Vitis-Tutorials
Vitis-Tutorials copied to clipboard
Problem with depth in Hardware kernel code of Vitis-Tutorials/Hardware_Acceleration/Design_Tutorials/01-convolution-tutorial
Hi,
I've read the whole tutorial and understood all of it. But an issue I have is that the depth of output_stream in the top-level function of the filter2d_hw.cpp file is set to 64.
Why is this? Is it 64 so that the M_AXI interface can perform data width auto-widening to 512 (64 x 8) bits? If so then why is the input stream (pixel_stream) depth not set to 64 too and only the stream for output has 64 depth?
What I assumed was that even if the depth is 2, the M_AXI interface will be able to understand that the data is flowing in the kernel without stall, therefore achieving 512 bit data width for burst transfers.
I also synthesized the code for both 2 and 64 as depth value for output_stream and both systems pass the C/RTL Co-simulation without problem. The only difference in the synthesis reports I saw was that the FIFOs used 51 more LUTs which is because of the output_stream FIFO depth of 64.
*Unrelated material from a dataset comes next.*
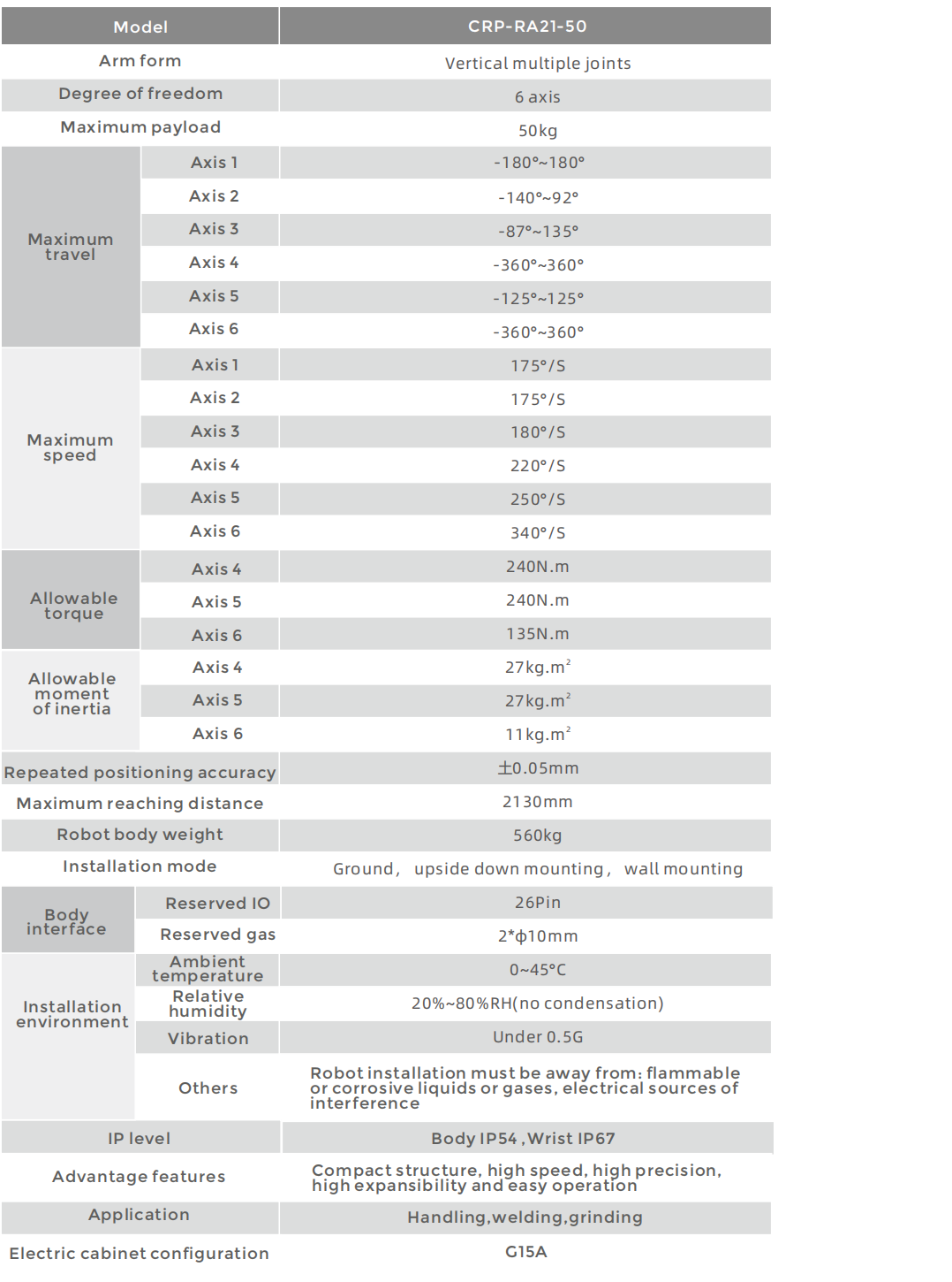 Arm span of 2.13m, strong load capacity, large working range and high flexibility. Fast operation speed, repeated positioning accuracy, suitable for handing, assembly, grinding and other scenarios.

P.S.: Although the FIFO depth is 32 times more (2 x 32 = 64), the number of additional LUTs used is less than two times more (51). So I'm assuming HLS has understood that it doesn't need all of the 64 FIFOs. But even the slight addition of LUTs is strange to me because it should not need more than depth=2.
Also there is a hint comment saying you can set the stream depth to 0 for minimum resources, how can the FIFO be created with a depth of 0? should the depth not be at least 1? When I set depth to 0 suddenly there are no BRAMs used for the window_stream but for Depth of 3, 100 BRAMs are used. Why?
Thanks, Ali
We're looking at this issue and will get back to you soon. Thanks.
Hi @Ali-Flt - I have extracted the independent questions and answered them independently
Why is it necessary to have a FIFO depth of "64" instead of "2"
The Dataflow throughput is dynamic in nature and it is dependent on the FIFO full and empty conditions. When the user selects the FIFO of depth "2" they would see a small stall percentage because of FIFO getting full ( can be seen in the dataflow profiling information). To remove this stall, the author has increased it to"64", but the depth can go as low as "16" without any stall percentage.
How the MAXI interface can infer a 512-bit data width for burst transfers
the inferences of the 512-bit width is not dependent on the FIFO depth, it is dependent on the memory access pattern of the "dst" variable which is sequential. This infers the 512-bit width, there can be cases where the memory access pattern is random which fails the inferences
Resource utilization of the FIFO for a depth of "64" and "2"
The resource utilization of HLS is only an estimate, run the vivado to get more accurate results
FIFO of the depth of "0"
This comment will be removed, you cannot set a FIFO of depth "0", the default would be "2"
Hi @akhilayyagari , Thank you very much for the detailed answer. If I've understood correct about the FIFO depth, the right flow of configuring the depths will be to start from a high number (maximum number of data that will be pushed into each FIFO) and run C/RTL co-simulation with buffer profiling and lower the depth until stall percentage goes higher than 0.
About the setting FIFO depth to 0 comment, I was assuming that maybe by setting the depth to 0, the depth will be calculated by DATAFLOW and therefore the dataflow fifo depth will override the user input (0). I ran the synthesis with depth of 0 and the depth of the FIFO was actually set to 2, using no BRAMs.
But about you saying you can't set the FIFO depth to "0", I actually changed the config_dataflow setting "-fifo_depth" to 0 and I observed that it synthesized the design without any errors. And the fifo depth in the synthesis resource profiling report was set to 0 too.
How is this possible? Shouldn't the fifo depth be at least 1? There could be two scenarios:
- The system is actually synthesized with FIFO depth = 0 somehow and dataflow handled data transfer between registers without the need of buffers/fifos
- The system is synthesized with a depth higher than 0 and the "-fifo_depth 0" setting was ignored and the synthesis report is wrong.
Which one is the correct scenario?
Thanks again, Ali
hi @Ali-Flt ,
There are two ways you can optimize the FIFO depth,
- Manual Way: The designer would need to size the FIFO starting from maximum to an optimal size.
- Automatic Way: The co-simulation provides a feature that can automatically find the optimal FIFO depth by running multiple simulations, which may take a long time for big designs
The second issue you have reported may be a bug, it should not take the "0" which does not make sense. We will fix this in the future release. The minimum depth should be "1", the tool default is "2". if the depth of the FIFO is less than 1024, then they use registers unless explicitly specified using a pragma.